[Exercise material]:
--- START ---
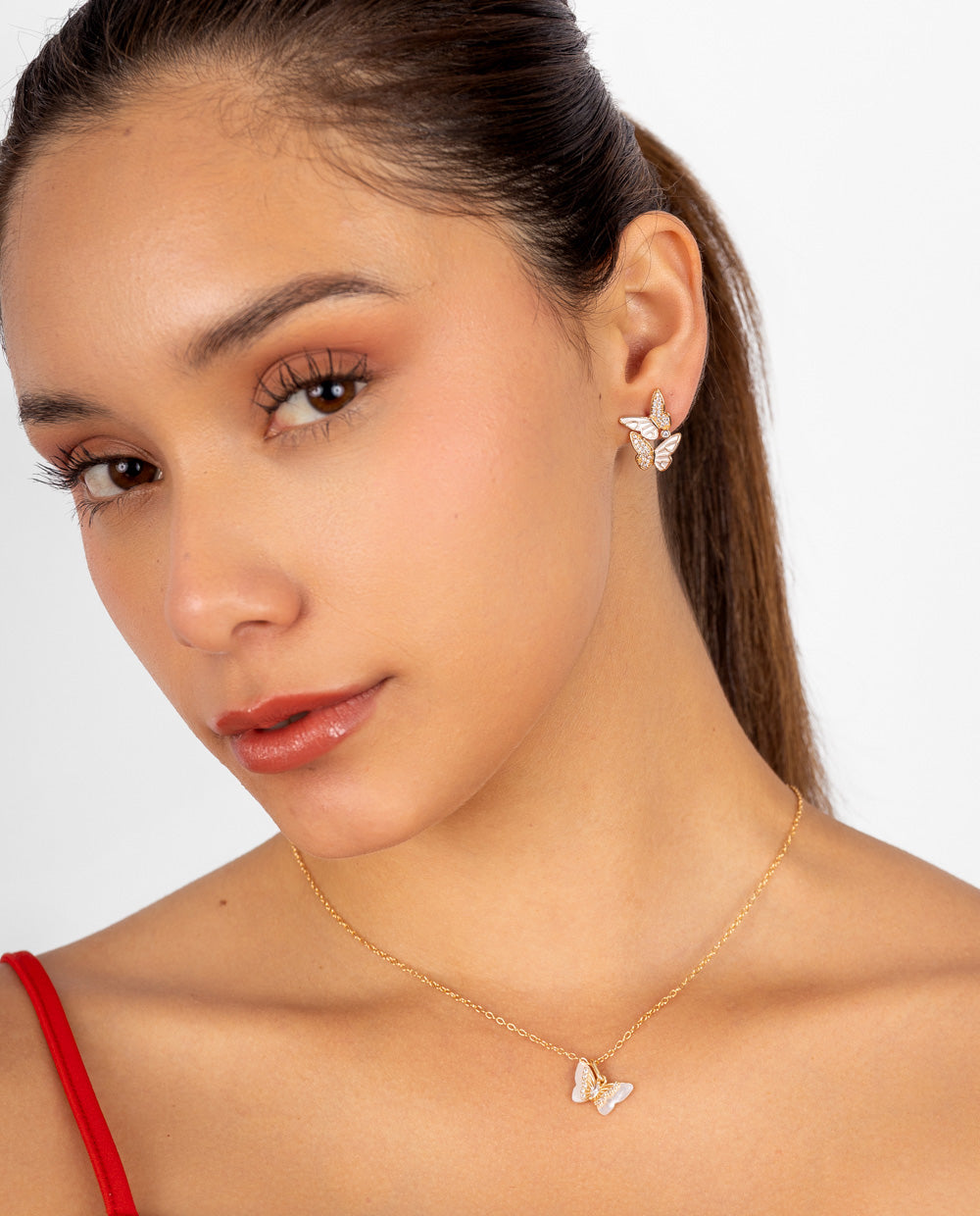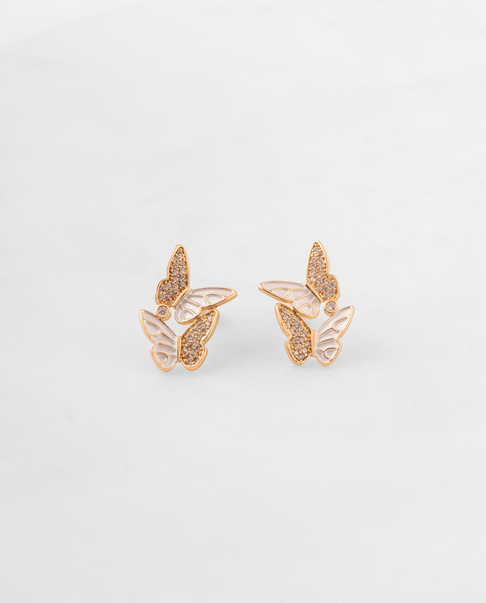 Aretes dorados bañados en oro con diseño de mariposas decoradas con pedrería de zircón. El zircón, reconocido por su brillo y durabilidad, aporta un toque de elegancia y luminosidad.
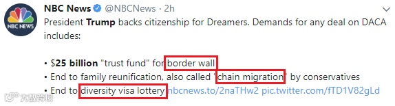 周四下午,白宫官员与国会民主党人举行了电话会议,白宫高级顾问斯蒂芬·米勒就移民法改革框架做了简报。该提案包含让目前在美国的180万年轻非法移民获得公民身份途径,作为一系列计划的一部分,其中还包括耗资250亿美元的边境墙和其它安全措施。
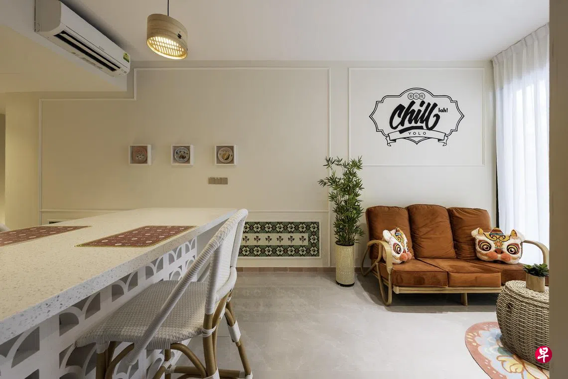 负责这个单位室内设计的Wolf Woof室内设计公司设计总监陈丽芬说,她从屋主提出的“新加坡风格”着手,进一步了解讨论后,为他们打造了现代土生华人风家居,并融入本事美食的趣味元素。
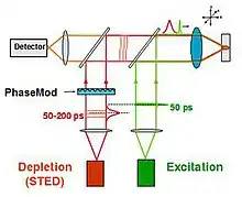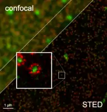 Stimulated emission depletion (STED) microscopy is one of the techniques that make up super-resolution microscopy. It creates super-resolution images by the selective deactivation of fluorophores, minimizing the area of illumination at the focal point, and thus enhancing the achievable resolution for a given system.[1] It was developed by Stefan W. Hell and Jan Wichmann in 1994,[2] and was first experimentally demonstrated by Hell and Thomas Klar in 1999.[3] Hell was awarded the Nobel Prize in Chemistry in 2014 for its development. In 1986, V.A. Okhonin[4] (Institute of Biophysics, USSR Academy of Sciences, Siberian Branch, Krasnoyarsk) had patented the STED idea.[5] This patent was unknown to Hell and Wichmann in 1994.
--- END ---
--- START ---
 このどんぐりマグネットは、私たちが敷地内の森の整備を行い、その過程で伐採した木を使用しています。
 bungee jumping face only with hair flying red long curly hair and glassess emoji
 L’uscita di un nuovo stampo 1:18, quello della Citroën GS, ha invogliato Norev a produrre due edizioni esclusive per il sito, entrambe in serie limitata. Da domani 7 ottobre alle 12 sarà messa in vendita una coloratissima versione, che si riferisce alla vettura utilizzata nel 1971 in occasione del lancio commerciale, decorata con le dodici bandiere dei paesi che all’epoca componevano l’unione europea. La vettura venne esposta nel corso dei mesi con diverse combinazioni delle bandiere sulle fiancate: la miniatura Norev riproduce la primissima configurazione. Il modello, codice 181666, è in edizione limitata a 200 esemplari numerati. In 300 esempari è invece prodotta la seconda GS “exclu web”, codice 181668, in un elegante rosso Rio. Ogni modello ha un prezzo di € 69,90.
--- END ---
--- START ---
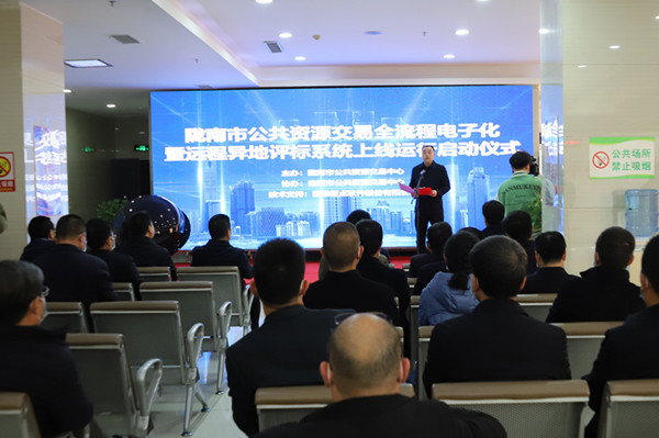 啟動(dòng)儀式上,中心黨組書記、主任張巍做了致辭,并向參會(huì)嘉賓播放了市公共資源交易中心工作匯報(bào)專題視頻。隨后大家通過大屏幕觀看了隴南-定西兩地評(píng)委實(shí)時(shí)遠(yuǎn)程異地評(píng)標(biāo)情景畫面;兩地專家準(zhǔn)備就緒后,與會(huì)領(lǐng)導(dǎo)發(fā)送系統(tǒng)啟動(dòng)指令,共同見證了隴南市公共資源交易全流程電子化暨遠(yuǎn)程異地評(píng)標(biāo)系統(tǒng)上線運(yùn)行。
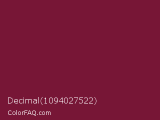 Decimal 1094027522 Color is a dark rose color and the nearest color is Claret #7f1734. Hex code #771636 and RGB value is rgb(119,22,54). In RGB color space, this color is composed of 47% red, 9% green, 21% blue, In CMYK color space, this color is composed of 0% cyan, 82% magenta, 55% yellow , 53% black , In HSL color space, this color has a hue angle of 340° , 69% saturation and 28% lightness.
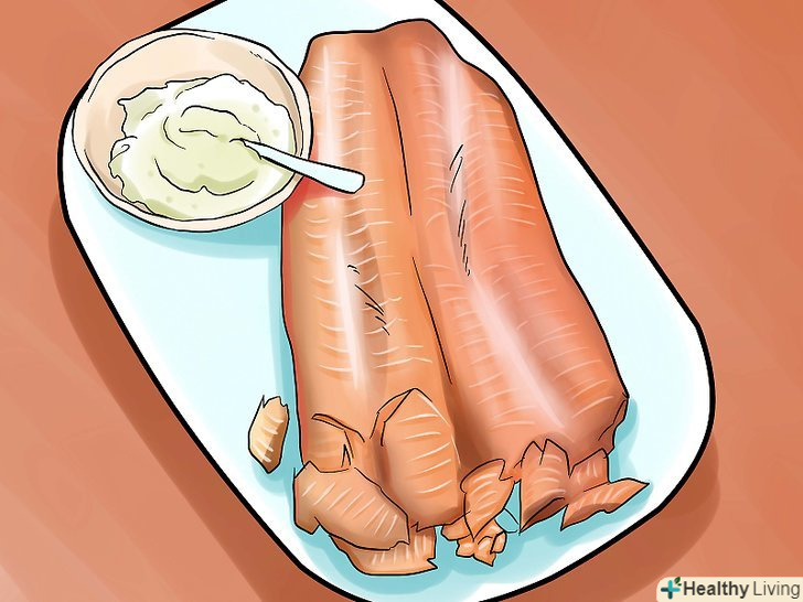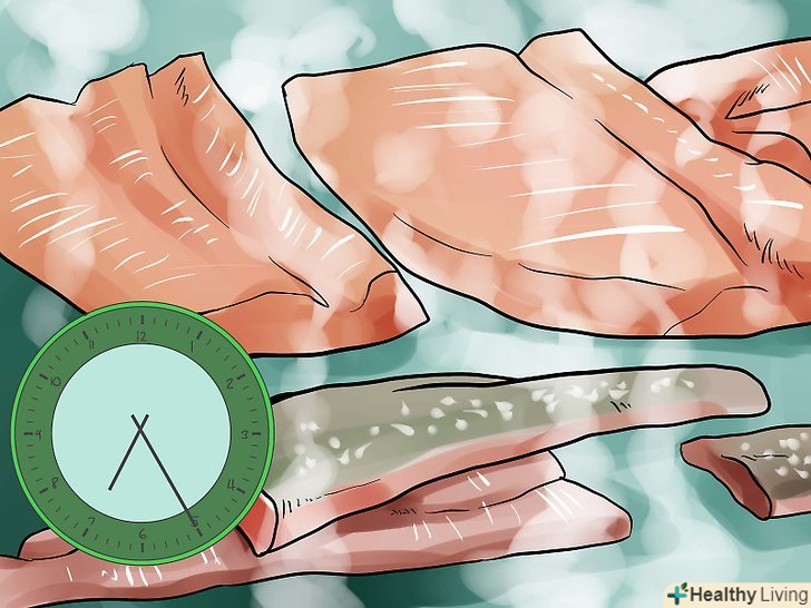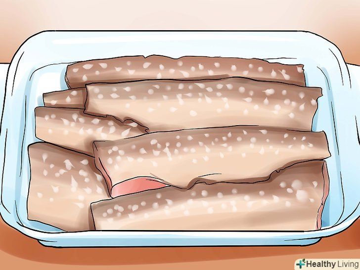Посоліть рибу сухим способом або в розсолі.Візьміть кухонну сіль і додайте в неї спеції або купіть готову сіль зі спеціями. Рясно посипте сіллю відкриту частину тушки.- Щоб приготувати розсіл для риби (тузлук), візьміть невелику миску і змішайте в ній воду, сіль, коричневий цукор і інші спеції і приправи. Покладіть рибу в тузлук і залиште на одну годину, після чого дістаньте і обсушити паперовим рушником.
--- END ---
[What you should do]: Copy the lines above exactly, starting with the line that contains "负责这个单位室内设计的Wol" and ending with the line that contains "Stimulated emission depletion", and leave out any pictures.

[Solution for this task]:
 负责这个单位室内设计的Wolf Woof室内设计公司设计总监陈丽芬说,她从屋主提出的“新加坡风格”着手,进一步了解讨论后,为他们打造了现代土生华人风家居,并融入本事美食的趣味元素。
 Stimulated emission depletion (STED) microscopy is one of the techniques that make up super-resolution microscopy. It creates super-resolution images by the selective deactivation of fluorophores, minimizing the area of illumination at the focal point, and thus enhancing the achievable resolution for a given system.[1] It was developed by Stefan W. Hell and Jan Wichmann in 1994,[2] and was first experimentally demonstrated by Hell and Thomas Klar in 1999.[3] Hell was awarded the Nobel Prize in Chemistry in 2014 for its development. In 1986, V.A. Okhonin[4] (Institute of Biophysics, USSR Academy of Sciences, Siberian Branch, Krasnoyarsk) had patented the STED idea.[5] This patent was unknown to Hell and Wichmann in 1994.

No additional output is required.